Cabe à Carris "garantir a segurança das instalações e dos passageiros" de ascensores como o Elevador da Glória. É a resposta da Secretaria de Estado da Mobilidade, liderada por Cristina Pinto Dias, às perguntas da Renascença sobre a fiscalização e supervisão deste equipamentos, em concordância com o Instituto da Mobilidade e dos Transportes (IMT), que negou ter essa responsabilidade, e ao contrário do indicado pela Autoridade da Mobilidade e dos Transportes (AMT).
A Renascença apurou, esta sexta-feira, que o IMT supervisiona, através da Autoridade Nacional de Segurança Ferroviária, os elevadores de Santa Justa e da Bica, apesar de entender que não é obrigado a isso pela lei — não fazendo o mesmo com os ascensores da Glória e do Lavra. O Governo confirmou esse tratamento diferenciado, com base na lei que regula os transportes em instalações por cabo.
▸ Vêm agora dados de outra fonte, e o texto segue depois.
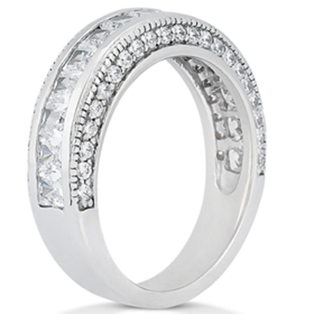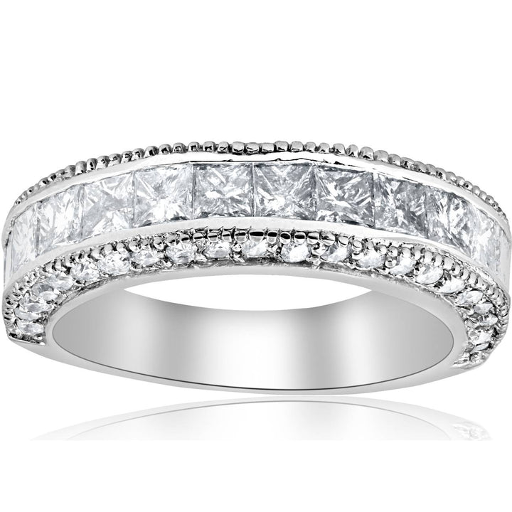 This 2 3/4ct Princess Cut Vintage Diamond Wedding Ring by Pompeii3 is a statement of timeless grandeur, combining antique filigree styling with an abundance of sparkling princess and round diamonds for unforgettable elegance.
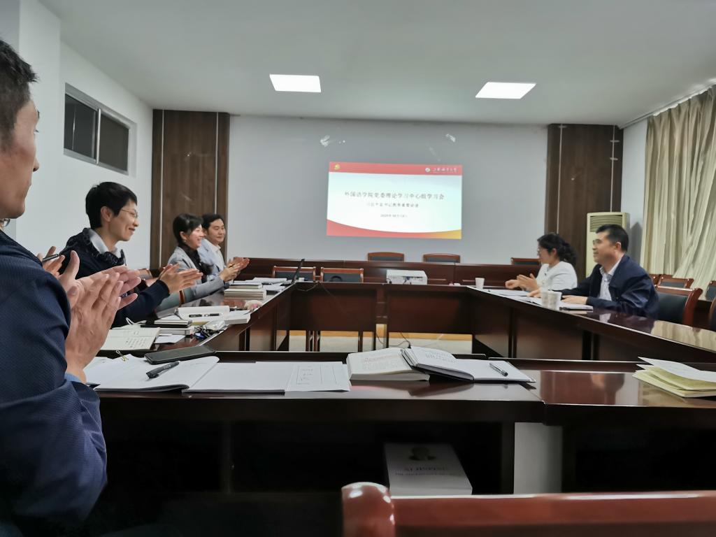 10月13日下午,外国语学院党委理论学习中心组围绕“习近平总书记关于教育的重要论述”主题开展了专题学习,校党委常委组织部部长纪延光、校纪委审查调查处处长缪克平、宣传部卢娟老师全程旁听。外国语学院党政领导班子、各党支部书记参加了会议。会议由学院党委书记徐岚主持。
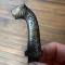 Fusée de forme zoomorphe tête de Tigre entièrement damasquiné D'or et d'argent : fleurs , voluptés et feuillages, fourreau également intégralement décoré de koftgari d'or et argent au même motifs et bouterole argent.
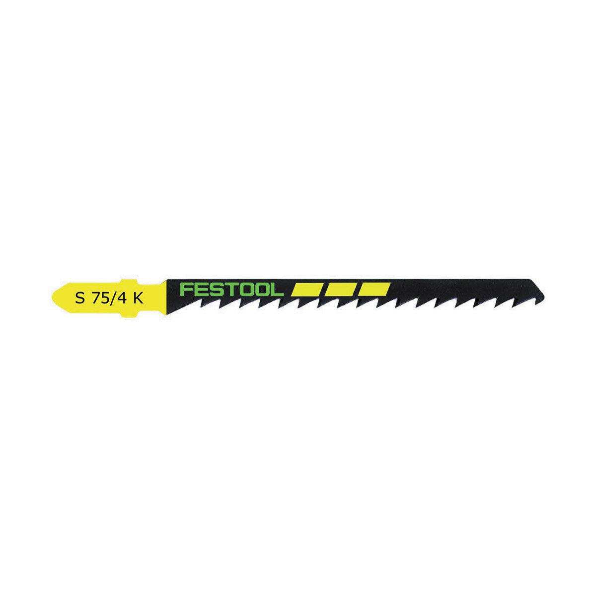 The S 75/4 K jigsaw blade is the ideal blade for scroll cuts in a wide range of different materials. This is the right blade for tight curves. Very good results can be achieved in softwood, hardwood, melamine, veneered plywood, chipboard, soft plastics, ABS, HDPE, and similar materials. The cross-set teeth design is ideal for fast cuts. For delicate and fine scroll cuts the S 50/1.4 K blade (486564) is recommended instead. Festool jigsaw blades are engineered for cutting efficiency, long life, and superior cutting results, with a universal T-shank design that fits most professional jigsaws. Festool has the right blade for any application or type of material, ensuring precise and consistent results. In order to select the right jigsaw blade for your application, think first about the type of material you want to cut, since there are blades available for wood, plastics, non-ferrous metals, steel, and special materials like fiberglass, foam, and other materials. Next, decide what kind of cut you need: fine, fast, scroll, clean. This will help to decide which blade is right for you. All Festool jigsaw blades are from high-quality materials for the best possible cutting results. Pack of 5 jigsaw blades.
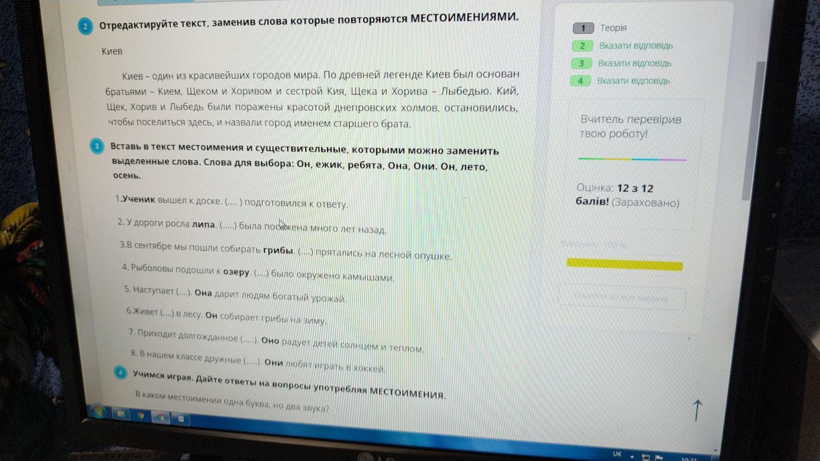 1. Он 2. Она 3. Они 4. Оно 5. осень 6. ёжик наверное 7. Лето 8. Ребята или ученики
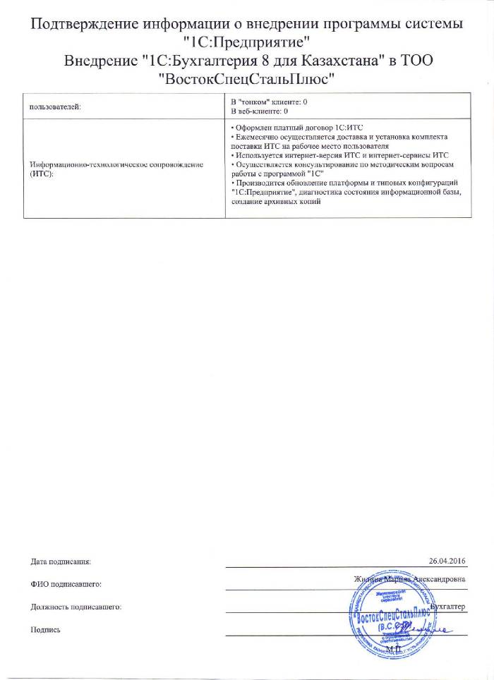 | Внедренное типовое решение: | 1С:Бухгалтерия 8 для Казахстана |

De acordo com a Secretaria de Estado, "o princípio definido pela legislação é o de que cabe às entidades que exploram as instalações por cabo para o transporte de pessoas (autoridades de transportes ou outras) garantir a segurança das instalações e dos passageiros". No caso do Elevador da Glória, essa entidade é a Carris, cuja gestão passou para a Câmara Municipal de Lisboa em 2017.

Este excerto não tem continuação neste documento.